=== Material shown ===
------
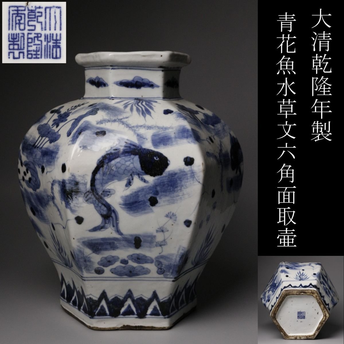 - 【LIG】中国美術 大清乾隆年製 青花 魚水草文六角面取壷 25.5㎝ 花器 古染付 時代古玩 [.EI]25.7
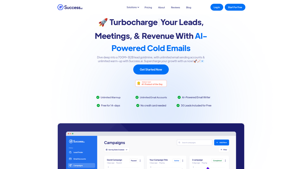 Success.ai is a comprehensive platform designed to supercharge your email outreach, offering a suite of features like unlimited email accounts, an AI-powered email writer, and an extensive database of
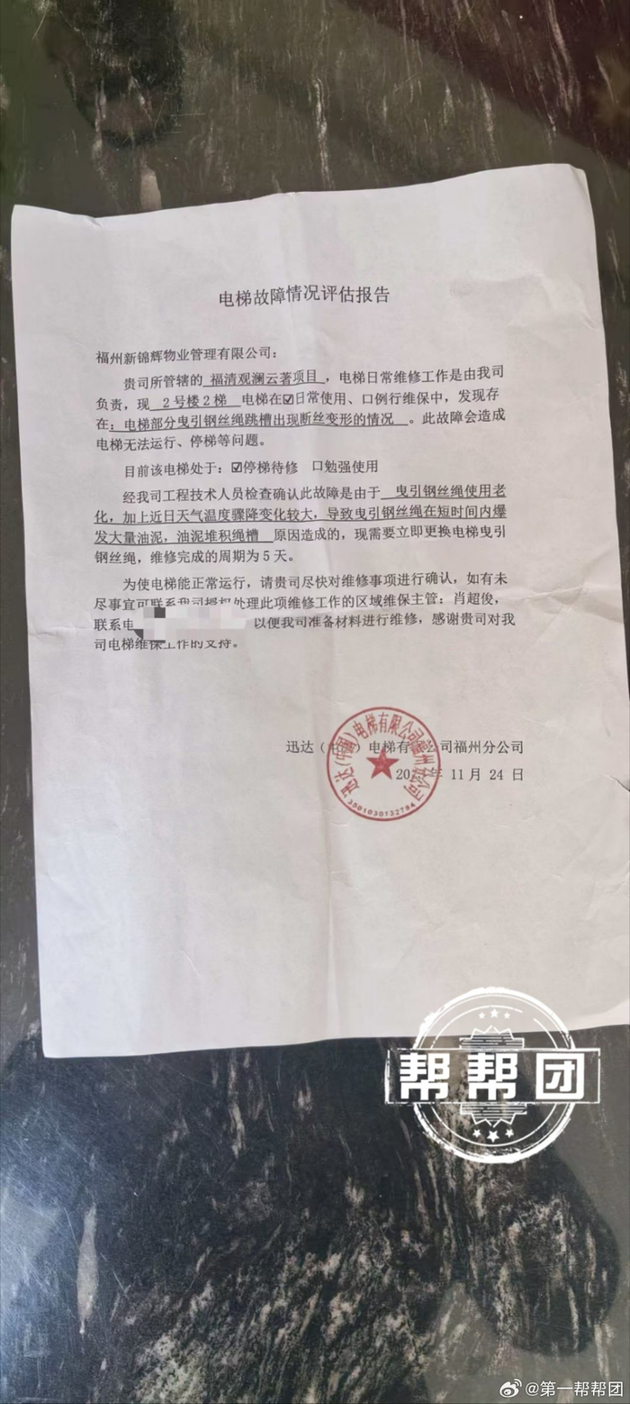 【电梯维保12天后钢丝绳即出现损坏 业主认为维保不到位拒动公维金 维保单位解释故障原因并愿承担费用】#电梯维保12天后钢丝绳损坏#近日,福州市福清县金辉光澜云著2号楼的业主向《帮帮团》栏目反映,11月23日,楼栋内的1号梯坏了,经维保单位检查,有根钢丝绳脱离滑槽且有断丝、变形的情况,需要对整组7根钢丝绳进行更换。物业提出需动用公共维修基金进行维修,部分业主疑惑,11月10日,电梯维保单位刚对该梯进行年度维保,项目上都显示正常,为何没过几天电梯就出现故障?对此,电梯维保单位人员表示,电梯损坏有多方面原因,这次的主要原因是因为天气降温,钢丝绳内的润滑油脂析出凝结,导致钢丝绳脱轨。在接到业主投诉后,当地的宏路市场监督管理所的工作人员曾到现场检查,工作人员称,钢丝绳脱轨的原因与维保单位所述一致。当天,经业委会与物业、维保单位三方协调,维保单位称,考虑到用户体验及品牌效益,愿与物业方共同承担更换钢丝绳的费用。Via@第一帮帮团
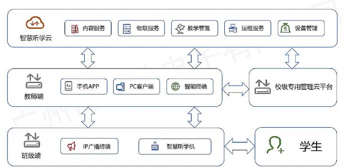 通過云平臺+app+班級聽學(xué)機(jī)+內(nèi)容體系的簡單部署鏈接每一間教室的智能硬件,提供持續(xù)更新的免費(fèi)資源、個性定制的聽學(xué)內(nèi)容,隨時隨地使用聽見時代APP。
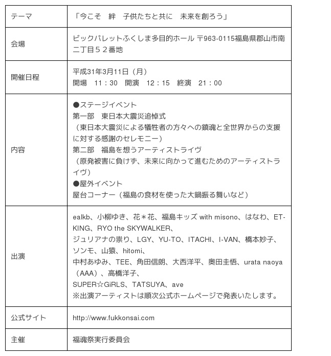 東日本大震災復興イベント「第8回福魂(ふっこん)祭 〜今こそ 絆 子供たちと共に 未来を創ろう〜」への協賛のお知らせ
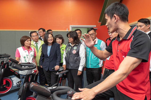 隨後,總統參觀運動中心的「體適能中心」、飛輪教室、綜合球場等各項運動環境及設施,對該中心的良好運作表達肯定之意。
------
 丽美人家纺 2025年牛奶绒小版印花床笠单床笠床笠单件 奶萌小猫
------
Within the entries above, the lines from the one containing "- 【LIG】中国美術 大清乾隆年製" through the one containing "隨後,總統參觀運動中心的「體" are to be transcribed exactly, ends included, pictures excluded.

=== Output for this task ===
 - 【LIG】中国美術 大清乾隆年製 青花 魚水草文六角面取壷 25.5㎝ 花器 古染付 時代古玩 [.EI]25.7
 Success.ai is a comprehensive platform designed to supercharge your email outreach, offering a suite of features like unlimited email accounts, an AI-powered email writer, and an extensive database of
 【电梯维保12天后钢丝绳即出现损坏 业主认为维保不到位拒动公维金 维保单位解释故障原因并愿承担费用】#电梯维保12天后钢丝绳损坏#近日,福州市福清县金辉光澜云著2号楼的业主向《帮帮团》栏目反映,11月23日,楼栋内的1号梯坏了,经维保单位检查,有根钢丝绳脱离滑槽且有断丝、变形的情况,需要对整组7根钢丝绳进行更换。物业提出需动用公共维修基金进行维修,部分业主疑惑,11月10日,电梯维保单位刚对该梯进行年度维保,项目上都显示正常,为何没过几天电梯就出现故障?对此,电梯维保单位人员表示,电梯损坏有多方面原因,这次的主要原因是因为天气降温,钢丝绳内的润滑油脂析出凝结,导致钢丝绳脱轨。在接到业主投诉后,当地的宏路市场监督管理所的工作人员曾到现场检查,工作人员称,钢丝绳脱轨的原因与维保单位所述一致。当天,经业委会与物业、维保单位三方协调,维保单位称,考虑到用户体验及品牌效益,愿与物业方共同承担更换钢丝绳的费用。Via@第一帮帮团
 通過云平臺+app+班級聽學(xué)機(jī)+內(nèi)容體系的簡單部署鏈接每一間教室的智能硬件,提供持續(xù)更新的免費(fèi)資源、個性定制的聽學(xué)內(nèi)容,隨時隨地使用聽見時代APP。
 東日本大震災復興イベント「第8回福魂(ふっこん)祭 〜今こそ 絆 子供たちと共に 未来を創ろう〜」への協賛のお知らせ
 隨後,總統參觀運動中心的「體適能中心」、飛輪教室、綜合球場等各項運動環境及設施,對該中心的良好運作表達肯定之意。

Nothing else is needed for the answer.